» **Recorded information**:
______________________________
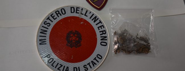 Gli agenti durate il regolare servizio di controllo del territorio procedevano a fermare e sottoporre a controllo il giovane appiedato nei pressi di via Traiano. Insospettito dall’insolito stato di nervosismo e agitazione manifestato dal ragazzo, il personale operante decideva immediatamente di effettuare una perquisizione che dava esito positivo. Infatti lo stesso veniva trovato in possesso di una bustina in plastica con all’interno quattro grammi di marijuana.
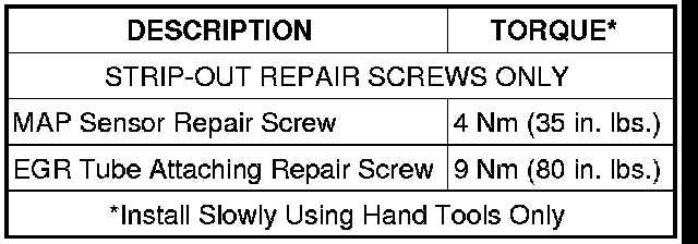 The composite upper intake manifold thread bosses, if stripped out, can be repaired by utilizing a repair screw available through Mopar(R) parts. Repair screws are available for the following manifold attached components:
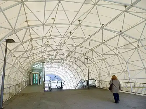 Starting in 1947, the narrow-gauge railway companies that operated within the Bilbao metropolitan area were merged to become Ferrocarriles y Transportes Suburbanos, shortened FTS and the first precedent of today's Bilbao metro. In 1977, the FTS network was transferred to the public company FEVE and in 1982 to the recently created Basque Railways.[4] In the 1980s it was decided the station, just like most of the former railway line, would be integrated into line 1 of the metro. The new station opened as part of the metro network on 11 November 1995.[5]
______________________________
» **Problem to solve**: Copy every line above exactly, leaving no picture in the copy.

» **Exercise result**:
 Gli agenti durate il regolare servizio di controllo del territorio procedevano a fermare e sottoporre a controllo il giovane appiedato nei pressi di via Traiano. Insospettito dall’insolito stato di nervosismo e agitazione manifestato dal ragazzo, il personale operante decideva immediatamente di effettuare una perquisizione che dava esito positivo. Infatti lo stesso veniva trovato in possesso di una bustina in plastica con all’interno quattro grammi di marijuana.
 The composite upper intake manifold thread bosses, if stripped out, can be repaired by utilizing a repair screw available through Mopar(R) parts. Repair screws are available for the following manifold attached components:
 Starting in 1947, the narrow-gauge railway companies that operated within the Bilbao metropolitan area were merged to become Ferrocarriles y Transportes Suburbanos, shortened FTS and the first precedent of today's Bilbao metro. In 1977, the FTS network was transferred to the public company FEVE and in 1982 to the recently created Basque Railways.[4] In the 1980s it was decided the station, just like most of the former railway line, would be integrated into line 1 of the metro. The new station opened as part of the metro network on 11 November 1995.[5]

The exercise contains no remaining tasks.